Aerie Pharmaceuticals
The company has exclusively licensed its PRINT technology to Aerie Pharmaceuticals, Inc. (‘Aerie’), which in 2017 acquired most of the assets of Envisia Therapeutics, Inc., for broad usage in the design and commercialization of small molecule and biologic ophthalmic therapies. In November 2022, Alcon Inc. (‘Alcon’) completed its acquisition of Aerie to help bolster Alcon’s presence in the ophthalmic pharmaceutical space and, as a result, retains Aerie’s exclusive license to the use of the company’s PRINT technology for ophthalmic therapies.
GlaxoSmithKline
In March 2023, the company and GSK plc (‘GSK’) entered into a Research License Agreement (the ‘GSK License Agreement’) which supersedes and replaces the company’s prior agreements with GSK. Pursuant to the GSK License Agreement, the company has granted GSK a non-exclusive, non-sublicensable (except to affiliates), royalty-free license to use its PRINT technology for the sole purpose of conducting pre-clinical research and pre-clinical development of inhaled formulations of GSK’s Molecules in the Field and in the Territory (capitalized terms are as defined in the GSK License Agreement). The company and GSK will each own and retain all rights, title, and interest in and to all inventions, discoveries, and other subject matter (including Know-How (as defined in the GSK License Agreement)) together with all intellectual property rights therein which are owned or controlled by such party as of the date of the GSK License Agreement or which are invented or acquired by or on behalf of such party independent of the GSK License Agreement.
Intellectual Property
The company has a total of 127 patents and pending patent applications in its patent portfolio which protect its PRINT technology and drug products in development. As of December 31, 2024, the company was the sole owner of 20 patents in the United States and 42 patents in foreign jurisdictions, as well as 11 additional pending patent applications, including provisional patent applications, in the United States, Europe, Japan, and other jurisdictions. In addition to the patents and patent applications owned solely by the company, its patent portfolio also includes 42 patents and 12 patent applications licensed from third parties. As of December 31, 2024, the company had an exclusive, worldwide license from UNC to 14 U.S. patents and 7 foreign patents, as well as one additional patent application in the United States or selected foreign jurisdictions. Five of the patents and one patent application in the portfolio licensed from UNC are jointly owned by the company. Also, as of December 31, 2024, the company had an exclusive, worldwide license from Pharmosa Biopharm to four U.S. patents and 17 foreign patents, as well as 11 additional patent applications in the United States or selected foreign jurisdictions. YUTREPIA is specifically protected by 16 issued patents in the United States, the longest-lived of which will expire in 2037.

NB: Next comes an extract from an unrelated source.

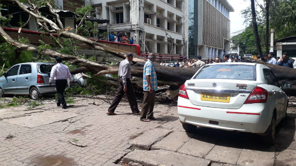 ಮಣಿಪಾಲದ ಕೆಎಂಸಿ ಆವರಣದಲ್ಲಿ ಉರುಳಿದ ಮರ; ತಪ್ಪಿದ ಭಾರೀ ಅನಾಹುತ

The company’s trademarks, trade names, and service marks, such as Liquidia, the Liquidia logo, YUTREPIA, and PRINT, are protected under applicable intellectual property laws and are the property of Liquidia Technologies, Inc.
Research and Development Expenses
The company’s research and development expenses were $47.8 million for the year ended December 31, 2024.
History
Liquidia Corporation was founded in 2004. The company was incorporated in Delaware in 2020.